# Your task:
Using the data below, return word for word every line from the one holding "年輕人畢業想找工作,無非得先" down to the one holding "Luxury Luminous Function". Leave pictures out.

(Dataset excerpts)
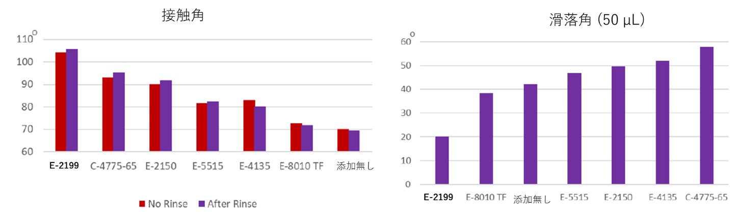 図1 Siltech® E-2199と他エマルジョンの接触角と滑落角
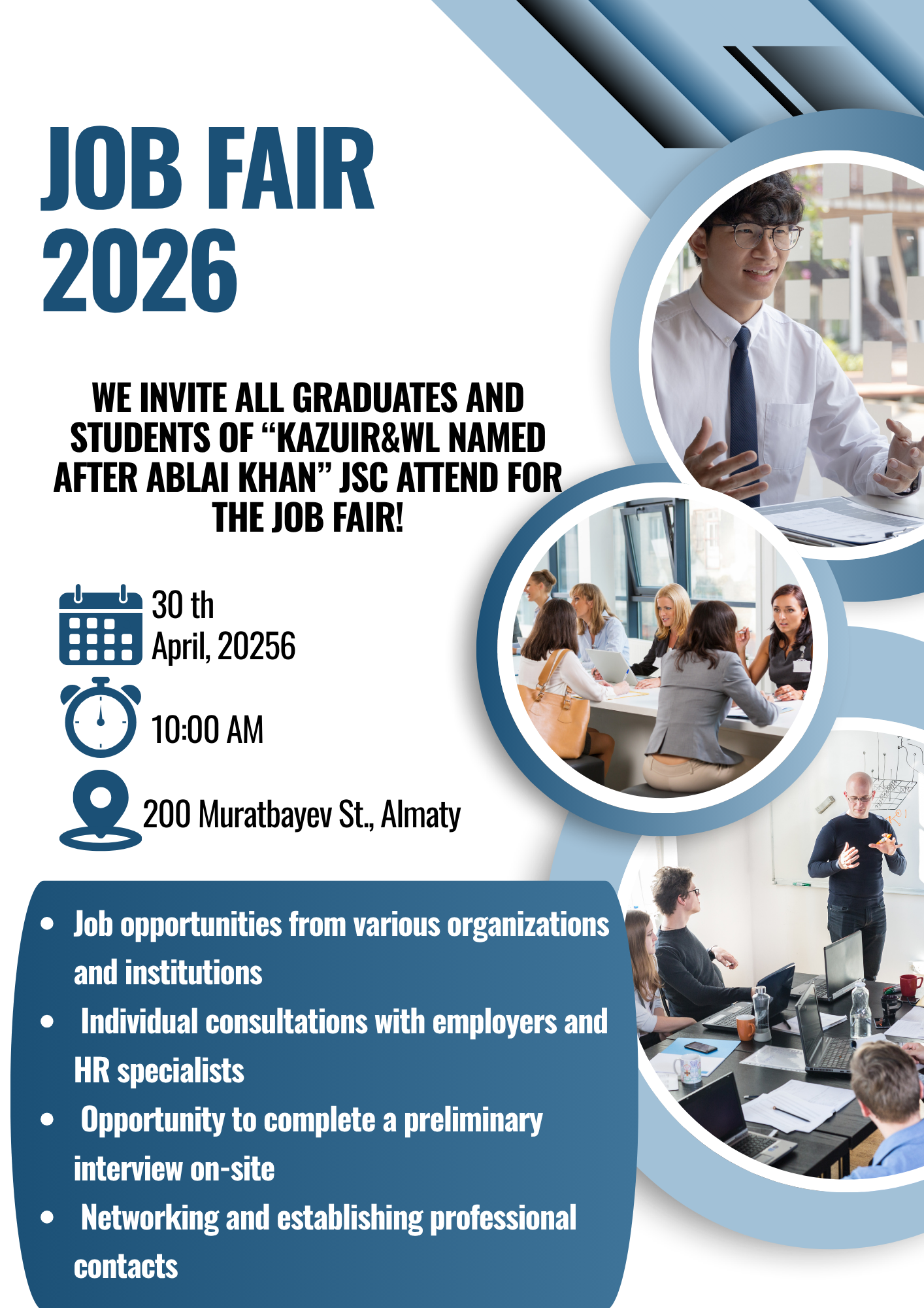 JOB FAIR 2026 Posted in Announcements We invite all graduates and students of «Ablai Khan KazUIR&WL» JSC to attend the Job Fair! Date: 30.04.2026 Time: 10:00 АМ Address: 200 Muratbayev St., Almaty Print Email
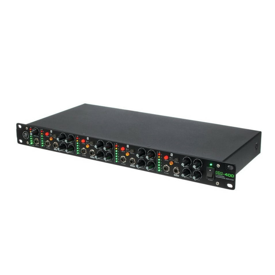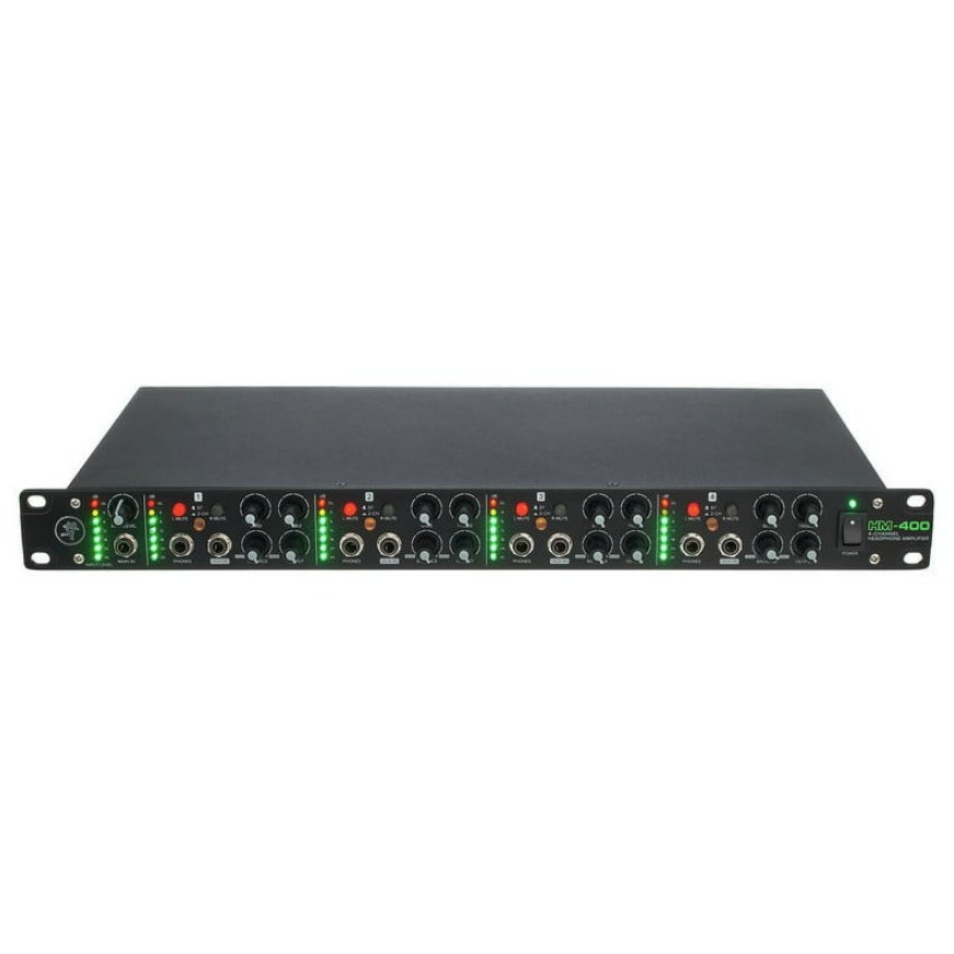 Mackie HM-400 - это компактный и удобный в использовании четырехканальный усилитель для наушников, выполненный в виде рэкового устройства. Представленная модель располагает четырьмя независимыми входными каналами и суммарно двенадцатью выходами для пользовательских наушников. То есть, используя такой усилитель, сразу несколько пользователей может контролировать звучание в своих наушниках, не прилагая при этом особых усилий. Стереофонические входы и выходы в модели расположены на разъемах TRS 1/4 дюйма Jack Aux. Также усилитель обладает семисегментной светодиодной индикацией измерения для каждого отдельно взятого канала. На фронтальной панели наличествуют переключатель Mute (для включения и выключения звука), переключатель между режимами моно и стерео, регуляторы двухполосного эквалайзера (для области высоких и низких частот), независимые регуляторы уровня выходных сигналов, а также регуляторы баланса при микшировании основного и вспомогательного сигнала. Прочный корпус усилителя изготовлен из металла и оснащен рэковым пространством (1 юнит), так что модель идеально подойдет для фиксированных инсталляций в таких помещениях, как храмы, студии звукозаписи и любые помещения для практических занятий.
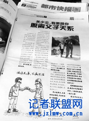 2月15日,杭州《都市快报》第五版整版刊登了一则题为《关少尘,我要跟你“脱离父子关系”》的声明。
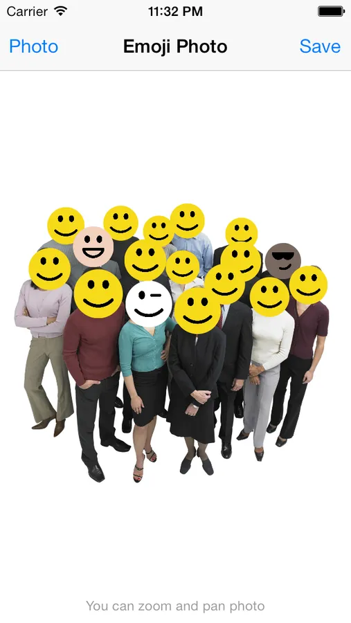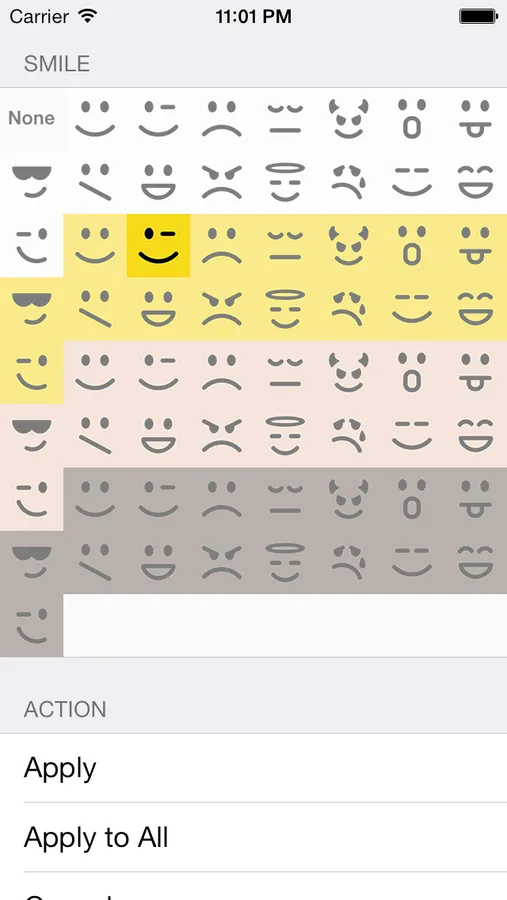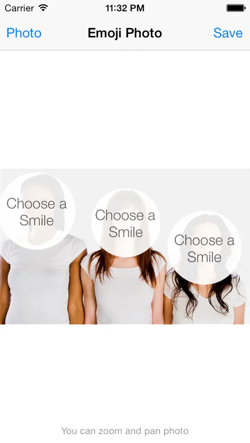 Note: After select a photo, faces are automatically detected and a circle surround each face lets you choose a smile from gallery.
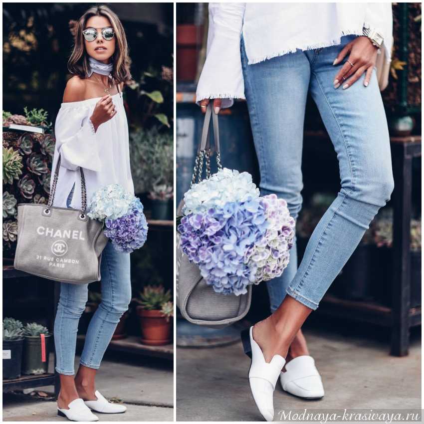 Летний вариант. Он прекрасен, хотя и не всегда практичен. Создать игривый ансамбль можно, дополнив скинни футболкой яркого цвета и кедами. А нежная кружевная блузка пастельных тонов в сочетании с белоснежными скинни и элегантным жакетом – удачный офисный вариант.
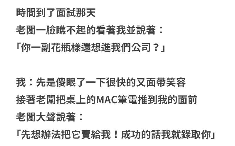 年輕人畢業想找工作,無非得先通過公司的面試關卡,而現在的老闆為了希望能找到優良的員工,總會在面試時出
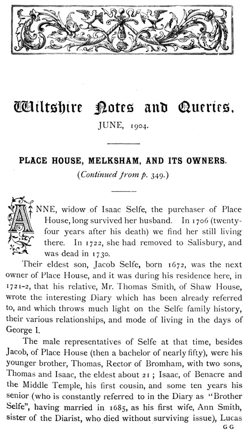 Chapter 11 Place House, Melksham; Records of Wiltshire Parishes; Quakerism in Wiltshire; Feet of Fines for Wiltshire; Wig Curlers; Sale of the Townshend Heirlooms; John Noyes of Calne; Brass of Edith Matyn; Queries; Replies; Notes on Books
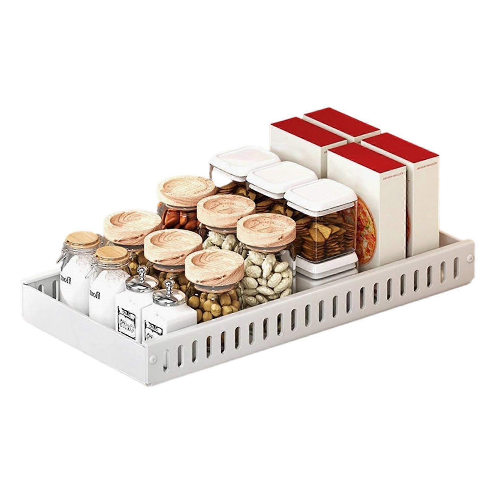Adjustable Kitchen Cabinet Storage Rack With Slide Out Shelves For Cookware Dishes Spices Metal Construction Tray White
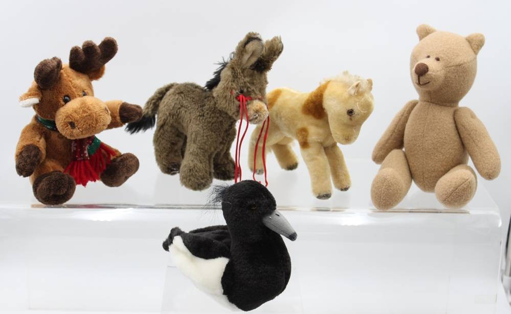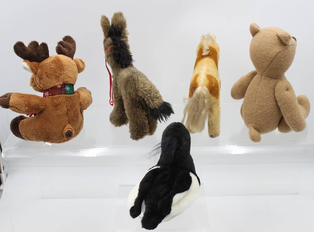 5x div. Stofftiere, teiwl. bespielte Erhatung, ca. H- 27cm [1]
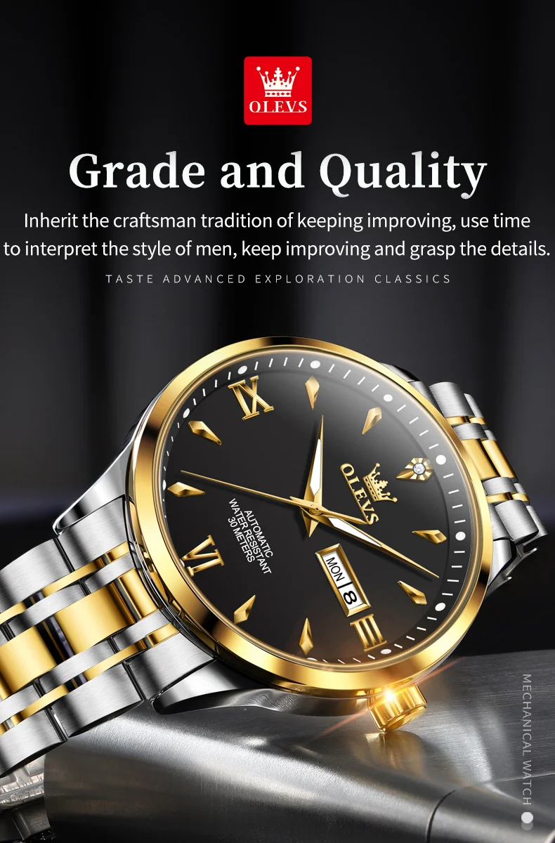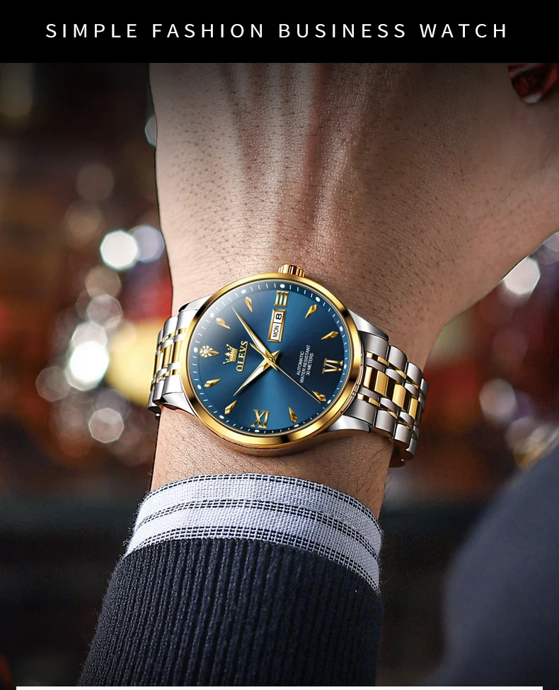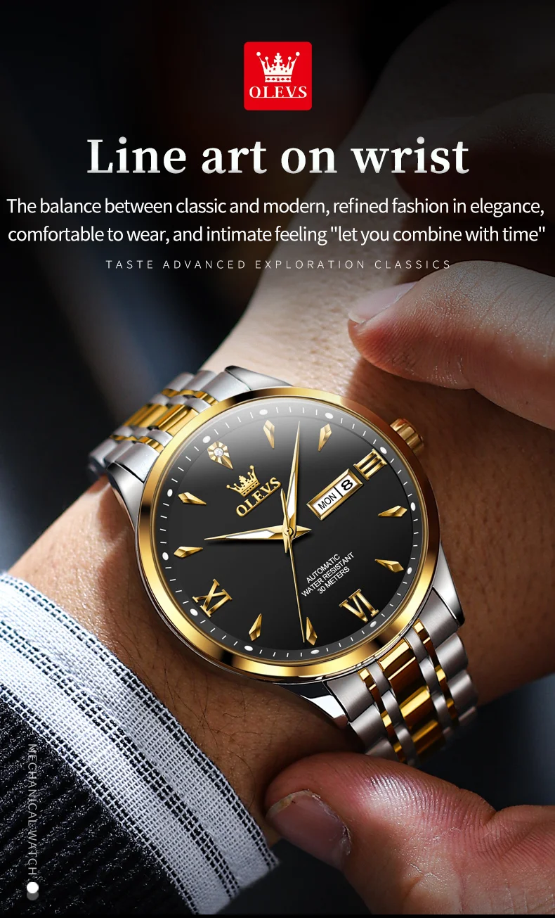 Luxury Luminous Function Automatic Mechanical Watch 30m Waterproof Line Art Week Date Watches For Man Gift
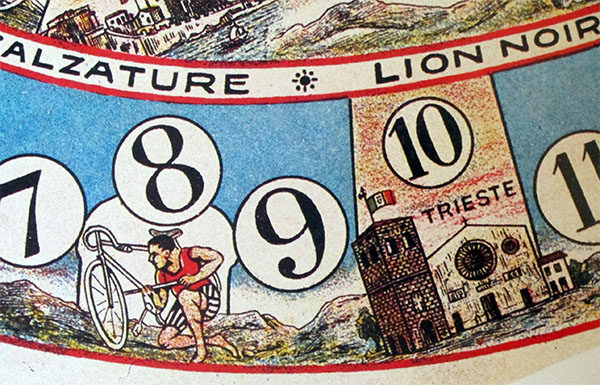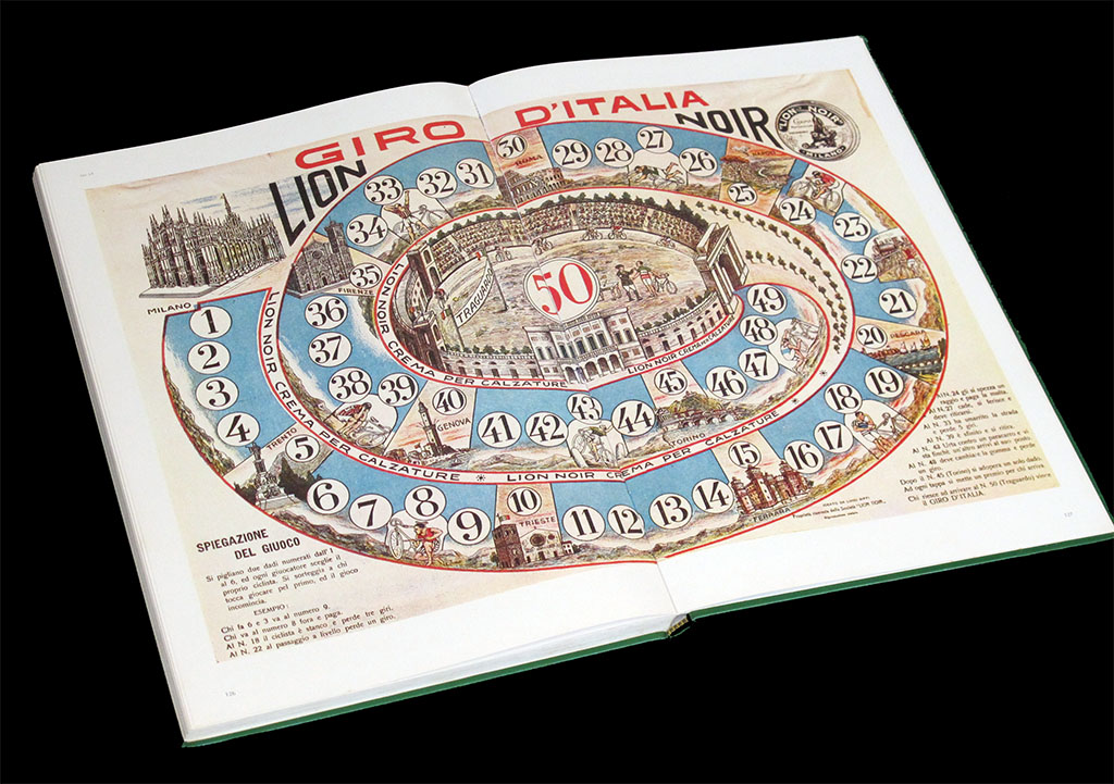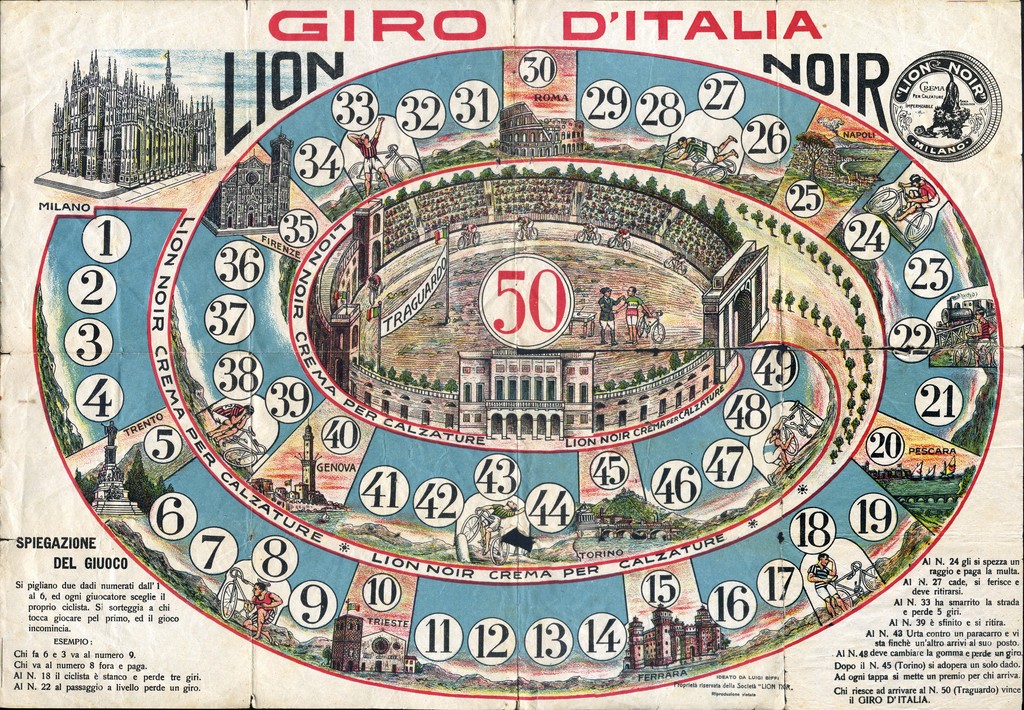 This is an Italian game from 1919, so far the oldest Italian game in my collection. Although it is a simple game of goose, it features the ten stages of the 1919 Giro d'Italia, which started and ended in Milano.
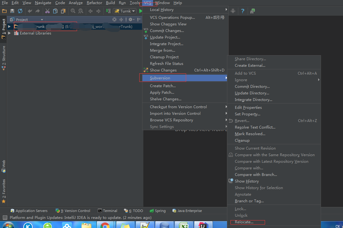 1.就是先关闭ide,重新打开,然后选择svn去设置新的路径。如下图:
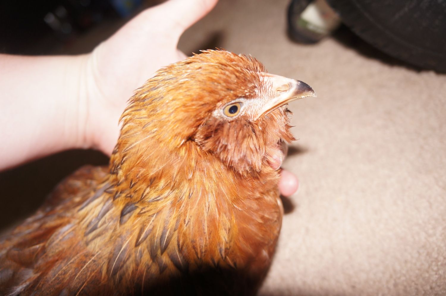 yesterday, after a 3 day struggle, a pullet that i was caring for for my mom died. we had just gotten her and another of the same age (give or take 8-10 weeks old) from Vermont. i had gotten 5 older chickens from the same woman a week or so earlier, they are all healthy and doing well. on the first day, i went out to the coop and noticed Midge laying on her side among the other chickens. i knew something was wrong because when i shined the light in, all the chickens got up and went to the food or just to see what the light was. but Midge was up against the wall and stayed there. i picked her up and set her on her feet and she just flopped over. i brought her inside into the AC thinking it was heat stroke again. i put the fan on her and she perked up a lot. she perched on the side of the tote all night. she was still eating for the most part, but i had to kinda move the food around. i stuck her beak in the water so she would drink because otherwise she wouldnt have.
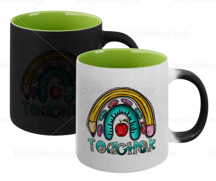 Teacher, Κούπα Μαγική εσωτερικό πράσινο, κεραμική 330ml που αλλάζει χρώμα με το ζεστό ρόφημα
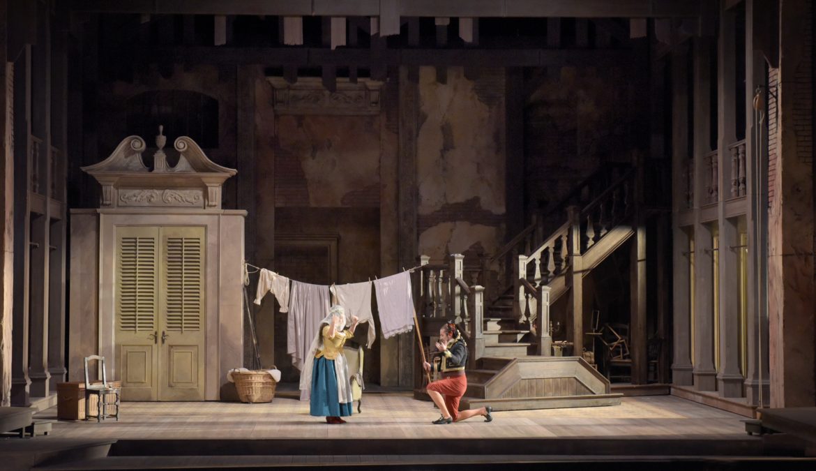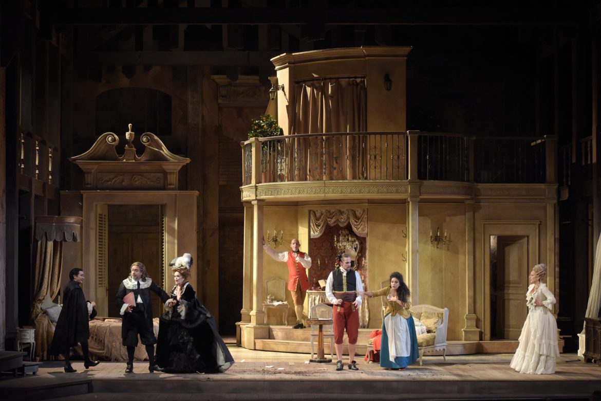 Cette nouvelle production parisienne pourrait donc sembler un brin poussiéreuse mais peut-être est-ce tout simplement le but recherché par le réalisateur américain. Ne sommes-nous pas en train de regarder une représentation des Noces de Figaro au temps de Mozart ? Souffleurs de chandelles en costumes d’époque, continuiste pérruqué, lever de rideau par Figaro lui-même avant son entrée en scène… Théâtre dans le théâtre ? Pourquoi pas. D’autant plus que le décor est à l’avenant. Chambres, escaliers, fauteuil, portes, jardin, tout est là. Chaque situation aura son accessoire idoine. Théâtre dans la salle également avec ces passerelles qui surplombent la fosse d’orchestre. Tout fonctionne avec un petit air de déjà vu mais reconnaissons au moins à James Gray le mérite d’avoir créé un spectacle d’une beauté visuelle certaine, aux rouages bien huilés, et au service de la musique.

# Response to the task:
 年輕人畢業想找工作,無非得先通過公司的面試關卡,而現在的老闆為了希望能找到優良的員工,總會在面試時出
 Chapter 11 Place House, Melksham; Records of Wiltshire Parishes; Quakerism in Wiltshire; Feet of Fines for Wiltshire; Wig Curlers; Sale of the Townshend Heirlooms; John Noyes of Calne; Brass of Edith Matyn; Queries; Replies; Notes on Books
Adjustable Kitchen Cabinet Storage Rack With Slide Out Shelves For Cookware Dishes Spices Metal Construction Tray White
 5x div. Stofftiere, teiwl. bespielte Erhatung, ca. H- 27cm [1]
 Luxury Luminous Function Automatic Mechanical Watch 30m Waterproof Line Art Week Date Watches For Man Gift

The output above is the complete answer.